Uma resolução de 2002 da Agência Nacional de Vigilância Sanitária (Anvisa) definiu que o álcool 70% só podia ser comercializado em frascos de até 500 ml e na forma de gel, por ser altamente inflamável. Mas em 2020 a resolução foi suspensa, para que esse álcool, mais eficaz contra bactérias e vírus, fosse usado no combate à Covid-19. “Quando foi liberada a comercialização do álcool 70% que, em teoria, era proibido, a população passou a ter mais acesso ao produto em casa. E começou a fazer comida com ele também. E isso gera em 2020 e 2021 um aumento grande de casos de queimaduras por álcool, inclusive de crianças, que passaram a ficar em casa em tempo integral”, conta Cintra.
Ele afirma que os acidentes com álcool costumam causar queimaduras profundas de segundo grau, quando não de terceiro grau, a pior delas. “Como às vezes tem explosão, o fogo acaba por queimar as vestes. Até a pessoa tirar a roupa, fica com uma área queimada considerável.” O cirurgião estima que o número de queimados poderia ser ainda maior se o isolamento social não tivesse reduzido as comemorações e os eventos em que são frequentes os acidentes com fogo, como as festas juninas e churrascadas.
As principais vítimas dos acidentes com álcool costumam ser mulheres com perfil parecido com o de Menezes: pobres, da periferia e responsáveis pelo cuidado da casa e da família. Ela trabalhava como auxiliar de cozinha num restaurante à beira-mar em Sergipe. Não tinha carteira assinada e ganhava um salário mínimo.

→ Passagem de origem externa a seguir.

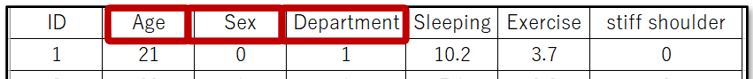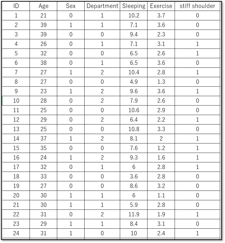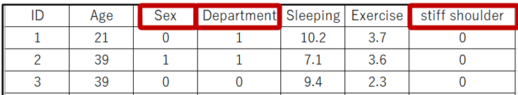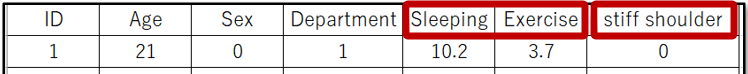 今回は、Sleeping(睡眠時間)とExercise(運動時間)がStiff shouler(肩こりの有無)に影響を与えるかを考えてみます。つまり説明変数が「Sleeping(睡眠時間)とExercise(運動時間)」、目的変数が「Stiff shouler(肩こりの有無)」です

O restaurante fechou durante a quarentena, e Menezes passou a sustentar a casa com 41 reais do Programa Bolsa Família e o auxílio emergencial dado pelo governo. Complementava a renda fazendo trabalhos temporários como doméstica e auxiliar de cozinha. Na pandemia, trocou o gás de cozinha pelo etanol, e a carne bovina e o peixe por ovos e linguiça calabresa.

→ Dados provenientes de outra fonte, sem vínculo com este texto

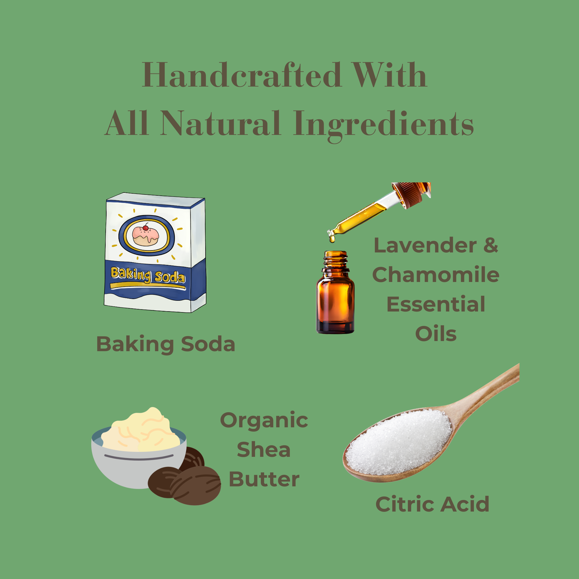 Ingredients: Sodium Bicarbonate, Citric Acid, Organic Shea Butter, Polysorbate 80, Pure Lavender Essential Oil, Pure Chamomile Essential Oil, Cosmetic Grade Mica

As feridas da queimadura de Menezes já estão melhorando, mas ela lamenta ter ficado com cicatrizes pelo corpo. Ao voltar do hospital, ganhou dos vizinhos um fogão e um botijão de gás, o que lhe trouxe um grande alívio nesse período de recuperação. Ela espera não ter que usar álcool no futuro, mas evitou jogar fora a lata de alumínio que lhe servia de fogareiro. “A gente nunca sabe o dia de amanhã”, diz.